IPython IDE for Scrapy

Advanced
Brief explanation Develop a better IPython + Scrapy integration that would display the HTML page inline in the console, provide some interactive widgets and run Python code against the results. Here is an old scrapy-ipython proof of concept demo. See also: Splash custom IPython/Jupyter kernel.
Expected Results It should become possible to develop Scrapy spiders interactively and visually inside IPython notebooks.
Required skills Python, JavaScript, HTML, Interface Design, Security
Difficulty level Advanced
Mentor(s) Mikhail Korobov

Scrapy benchmarking suite

Advanced
Brief explanation Develop a more comprehensive benchmarking suite. Profile and address CPU bottlenecks found.

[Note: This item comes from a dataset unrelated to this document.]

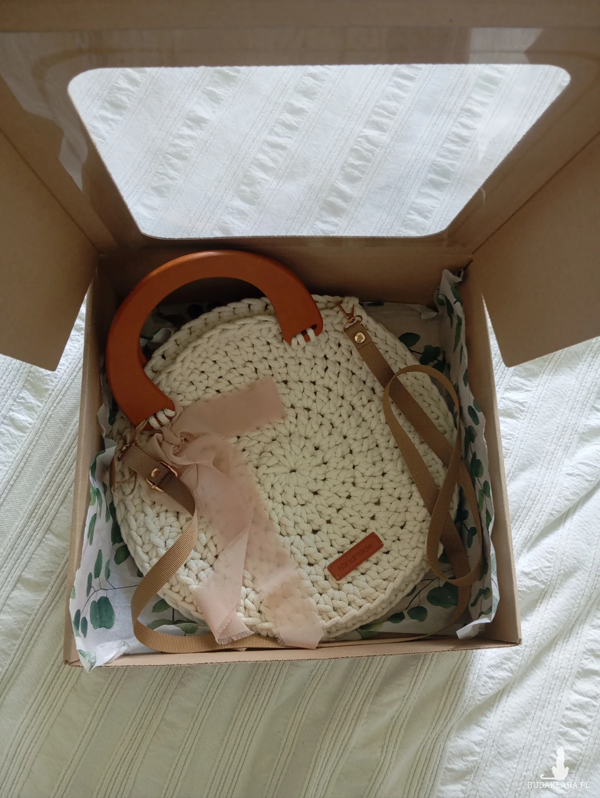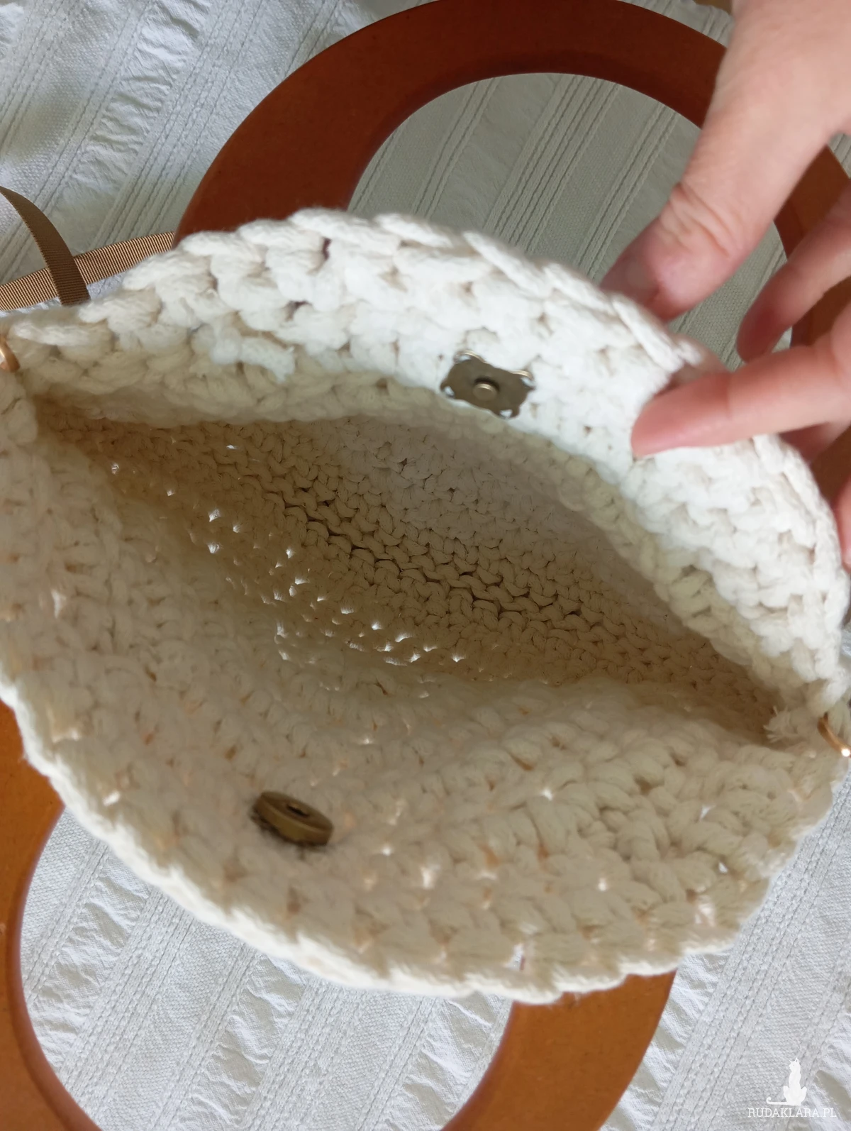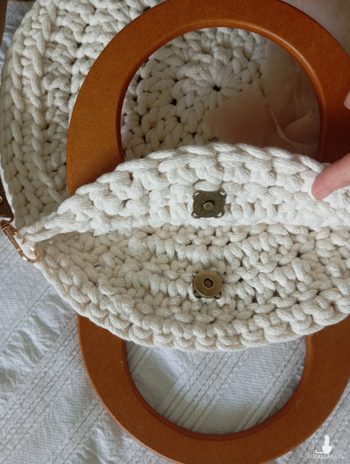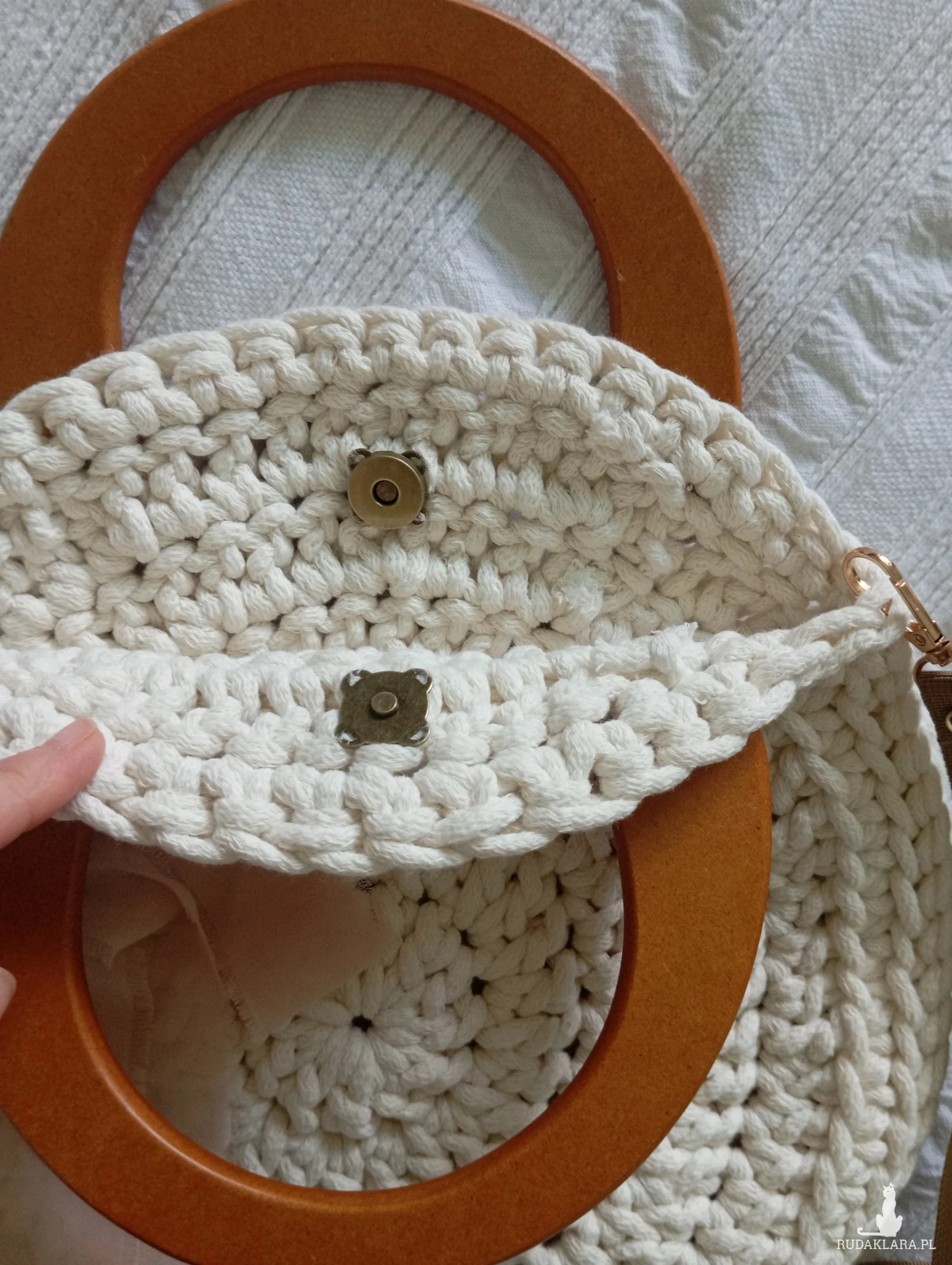 Piękna torebka w stylu Boho wykonana handmade z bawełnianego sznurka z drewnianymi uchwytami i doczepianym paskiem.

Address both known memory inefficiencies (which will be provided) and new ones uncovered.
Expected Results Reusable benchmarks, measureable performance improvements.
Required skills Python, Profiling, Algorithms and Data Structures
Difficulty level Advanced
Mentor(s) Mikhail Korobov, Daniel Graña

Support for spiders in other languages

Intermediate
Brief explanation A project that allows users to define a Scrapy spider by creating a stand alone script or executable.
Expected Results Demo spiders in a programming languge other than Python, documented API and tests.
Required skills Python and other programming language
Related Issues https://github.com/scrapy/scrapy/issues/1125
Difficulty level Intermediate
Mentor(s) Pablo Hoffman

Scrapy has a lot of useful functionality not available in frameworks for other programming languages. The goal of this project is to allow developers to write spiders simply and easily in any programming language, while permitting Scrapy to manage concurrency, scheduling, item exporting, caching, etc. This project takes inspiration from hadoop streaming, a utility allowing hadoop mapreduce jobs to be written in any language.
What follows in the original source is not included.